I look at him and say seriously. “Not a word about this.” He nods changing his easy demeanor to something more somber. Looking at him in the eyes I continue to speak: “Do you know how my book provided a little information on the first days, and even to this day it continues to provide with a nearly constant stream of knowledge?”

He nods and waits for me to continue and I do so:

“Well, the bigger the library it has access to the more knowledge it will spit out. I mean we are in the dark ages information-wise, and along with the development expected from the libraries with the book, access to something akin to a computer alone will do wonders, but accelerating the progression past anything that my book could ever achieve if I rely on only myself sounds like the only real choice.”

“Well, I’m pretty sure I read a few notes that came from your book, and you aren’t even a scout. I can only imagine what you are helping the mages to accomplish.”

“A lot more than if we had to rely only on the books that we buy from the bookstore.”

“Does the type of knowledge you input in the book or whatever influence the output?”

“Uhmm, maybe, hell probably. I haven't noticed anything so far, but I should test that.”

“If you find out that it does, we could start to log more stuff about scouting on notes for your book, it’s bound to increase how we can train to improve our craft, development paths, and all kinds of good stuff.”

“I will, I definitely will. I need a while to separate the knowledge on the network, I will get someone on that. When I’m back it will provide an interesting experiment.”

He shakes his head.

“You mages and your experiments, the only people that beat you are a couple of alchemists we discover 9 villages South. By the way, what is the current system? Are handwritten notes ok?”
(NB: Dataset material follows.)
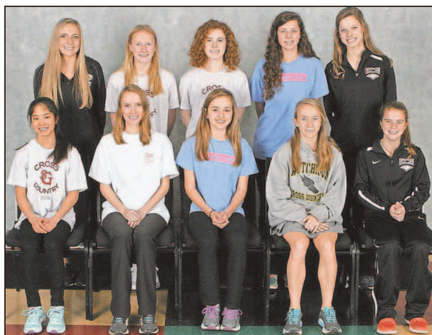
PRIVATE SCHOOLS GIRLS TEAM

“Yes, and I actually made a system to store what other people type as notes printed on paper but even if we figure out how to transfer all of it to my book there are too many limitations. We need something like the runes which will store information like an sd card that can be accessed anywhere from the network.”

“If that is the case, why don’t the others just pitch in?”

“What do you mean?”

“Well, plenty of the most accomplished of the engravers from most of the villages around just ‘donated’ their time and efforts to help protect everyone. With the proper incentive, I’m certain the simple runes that their junior engravers can produce might be helpful.”

“Oh, you are a genius.”

“No, I’m just bringing a fresh perspective to it. And I even have another Idea.”
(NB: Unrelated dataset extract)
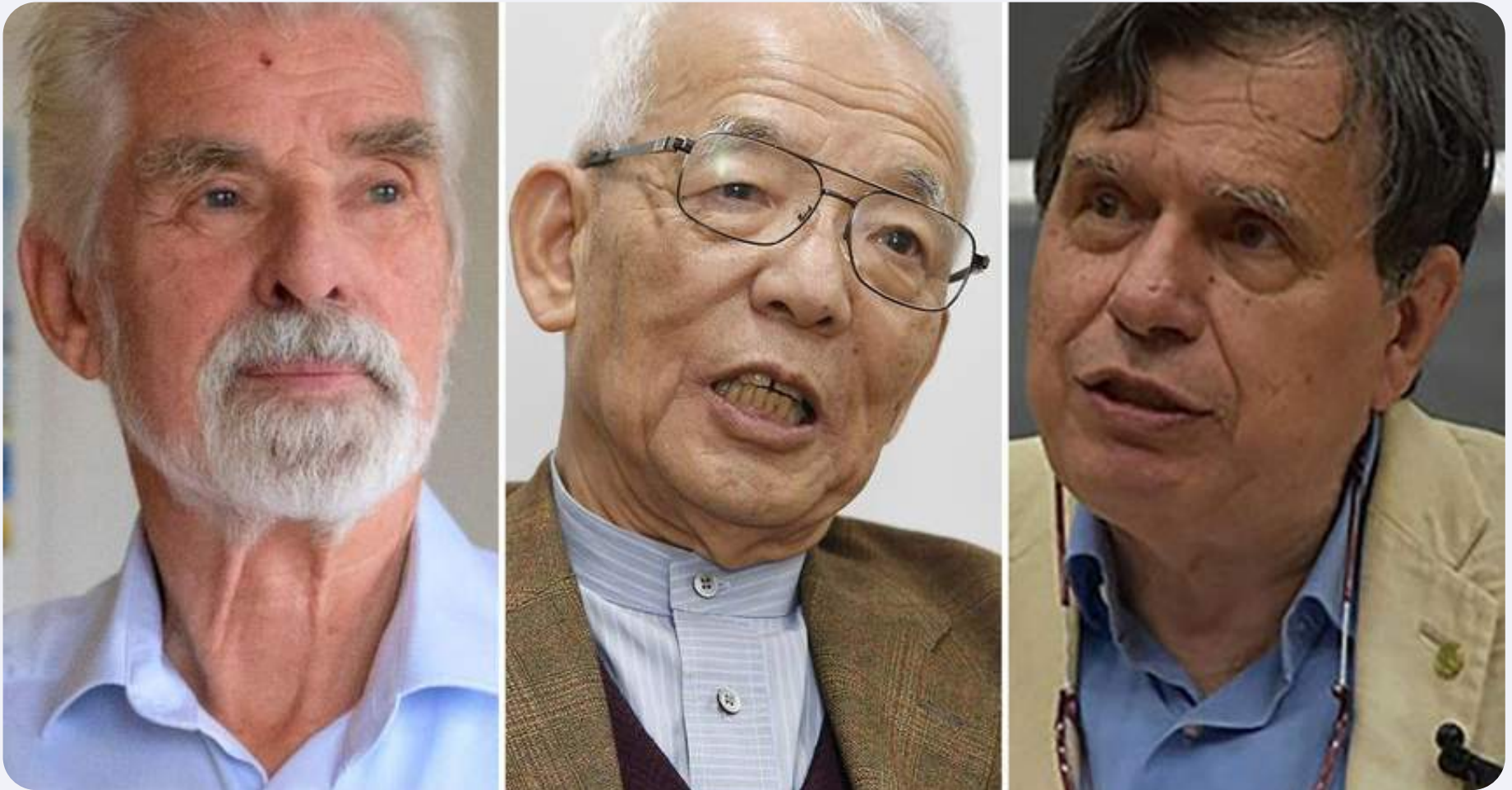
Klaus Hasselmann, Syukuro Manabe, and Giorgio Parisi

“Come on. Tell me already.” I say leaning

“You know how you said that you wanted something akin to computer memory? I have one idea about how to do that. Do you remember how the first computers inventory stored their programs or whatever?”

“Magnetic memory? Nahh, I don’t think that will work.”

“No even, earlier.”

I widen my eyes as I look at him.

“Punch cards. Bloody paper punch cards. How could no one have thought about it earlier?”
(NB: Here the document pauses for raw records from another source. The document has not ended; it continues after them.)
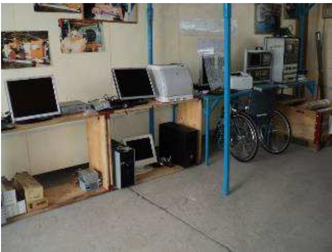
Photo 42: We got nice new computers from the Basel economic development agency. Very well, thank you. They are the nicest and greatest that we have now in school. The wheelchair in the rear, is included in our project.
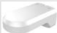
DS-2CD1294ZJ Wall mount
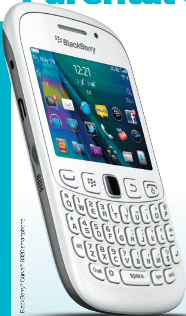
BlackBerry® Curve™ 9320 smartphone

Parental Controls are designed to help you have more control over how the features of the BlackBerry® smartphone are used.

“I’m pretty sure someone did, but they didn’t have someone like you to their side to think about how to make it work and from the look on your eyes you already have a design or two in mind.”

“It’s not just that, mechanical storage is perfect in so many ways. It will be permanent storage, but I think I can come up with something that will serve our needs.”

With the biggest grin I can muster on my face I sit down and pull a few pages from my inventory to jot down ideas, I couldn’t let this moment of inspiration go to waste. Where before my mind was desolate, now ideas are sprouting faster than ever.